Recorded data: Begin
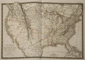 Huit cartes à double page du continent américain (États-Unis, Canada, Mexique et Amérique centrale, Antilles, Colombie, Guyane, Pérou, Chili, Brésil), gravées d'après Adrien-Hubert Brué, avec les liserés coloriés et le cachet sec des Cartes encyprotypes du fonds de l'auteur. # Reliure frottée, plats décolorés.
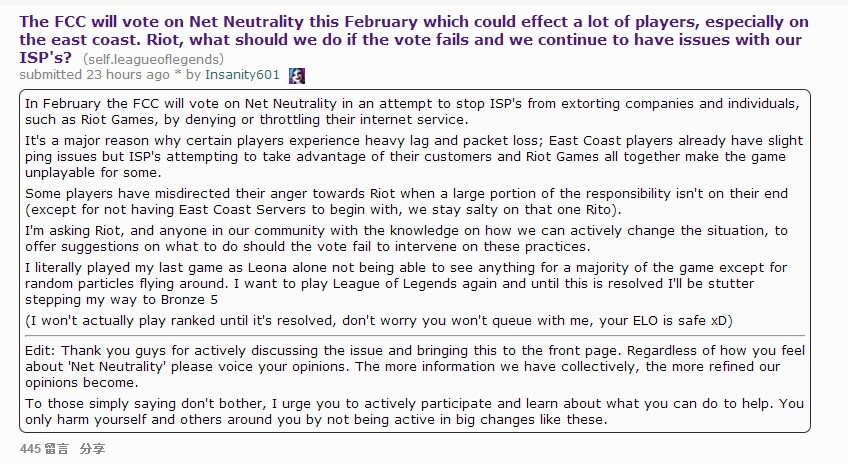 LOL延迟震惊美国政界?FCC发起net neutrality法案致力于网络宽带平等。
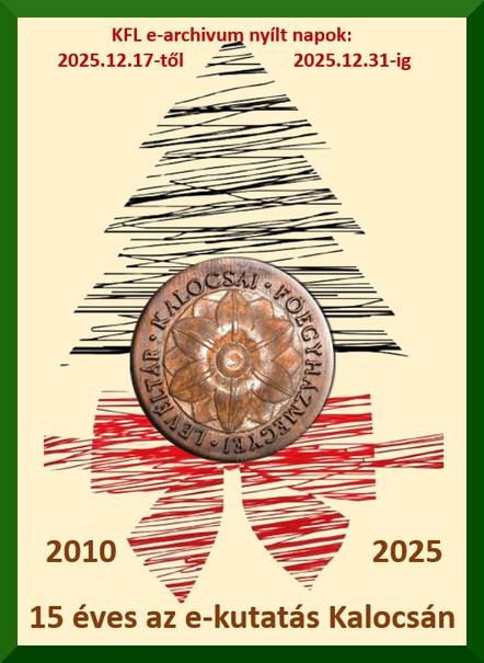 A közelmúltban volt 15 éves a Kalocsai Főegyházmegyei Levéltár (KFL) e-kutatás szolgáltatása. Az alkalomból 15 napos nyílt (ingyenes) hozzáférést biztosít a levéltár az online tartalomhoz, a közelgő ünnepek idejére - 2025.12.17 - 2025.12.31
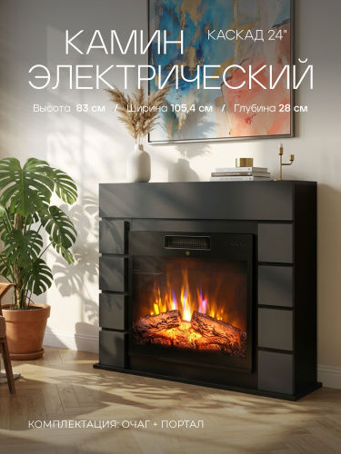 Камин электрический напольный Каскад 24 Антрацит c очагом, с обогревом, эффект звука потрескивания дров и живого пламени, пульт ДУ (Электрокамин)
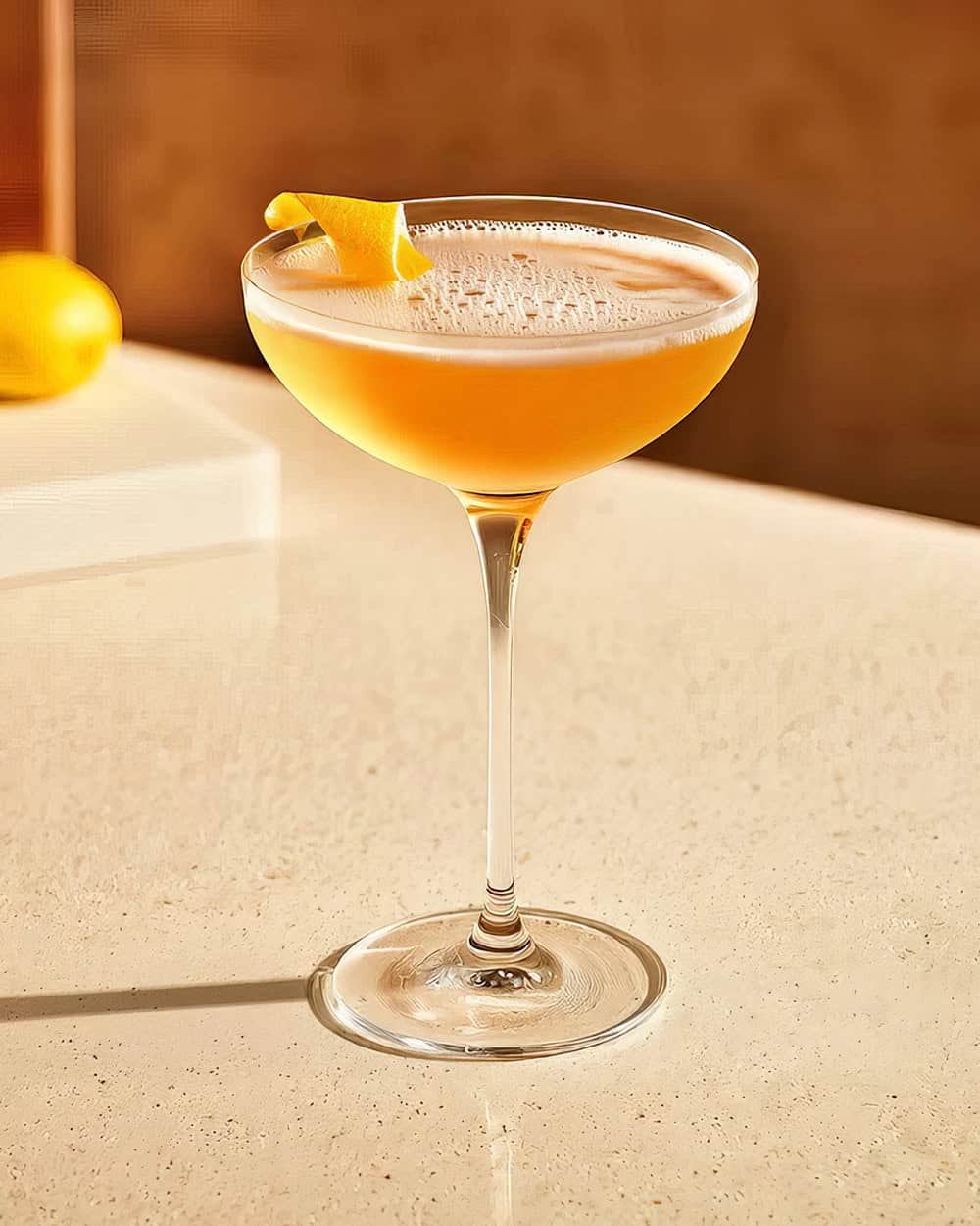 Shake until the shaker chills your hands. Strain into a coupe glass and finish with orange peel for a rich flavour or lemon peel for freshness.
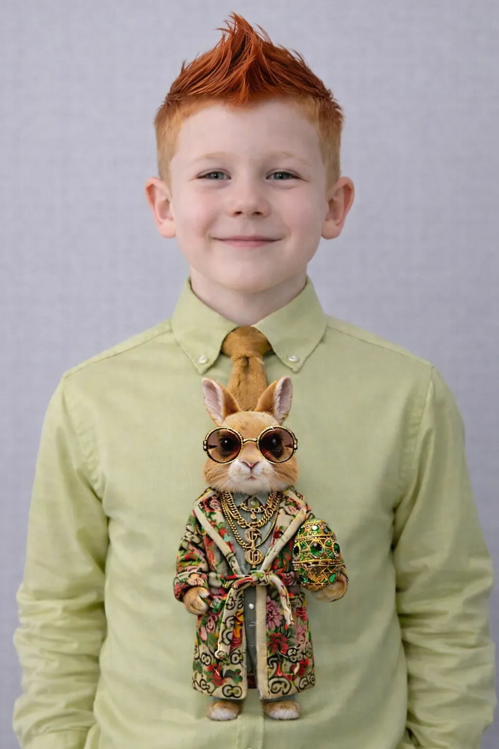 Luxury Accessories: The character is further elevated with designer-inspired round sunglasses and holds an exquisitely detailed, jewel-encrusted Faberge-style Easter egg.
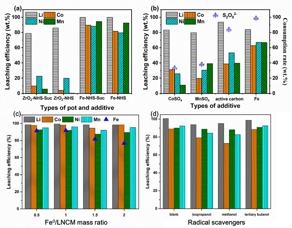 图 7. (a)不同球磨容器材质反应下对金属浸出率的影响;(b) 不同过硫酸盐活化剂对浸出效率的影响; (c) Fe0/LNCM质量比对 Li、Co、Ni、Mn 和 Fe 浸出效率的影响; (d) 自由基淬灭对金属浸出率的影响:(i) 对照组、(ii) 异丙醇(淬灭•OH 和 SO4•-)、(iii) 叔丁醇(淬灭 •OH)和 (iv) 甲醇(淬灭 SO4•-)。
Recorded data: End
What is expected – Write out exactly the lines between the start of the data and the line with "Камин электрический напольный", including both, but none of the pictures.

Answer below –
 Huit cartes à double page du continent américain (États-Unis, Canada, Mexique et Amérique centrale, Antilles, Colombie, Guyane, Pérou, Chili, Brésil), gravées d'après Adrien-Hubert Brué, avec les liserés coloriés et le cachet sec des Cartes encyprotypes du fonds de l'auteur. # Reliure frottée, plats décolorés.
 LOL延迟震惊美国政界?FCC发起net neutrality法案致力于网络宽带平等。
 A közelmúltban volt 15 éves a Kalocsai Főegyházmegyei Levéltár (KFL) e-kutatás szolgáltatása. Az alkalomból 15 napos nyílt (ingyenes) hozzáférést biztosít a levéltár az online tartalomhoz, a közelgő ünnepek idejére - 2025.12.17 - 2025.12.31
 Камин электрический напольный Каскад 24 Антрацит c очагом, с обогревом, эффект звука потрескивания дров и живого пламени, пульт ДУ (Электрокамин)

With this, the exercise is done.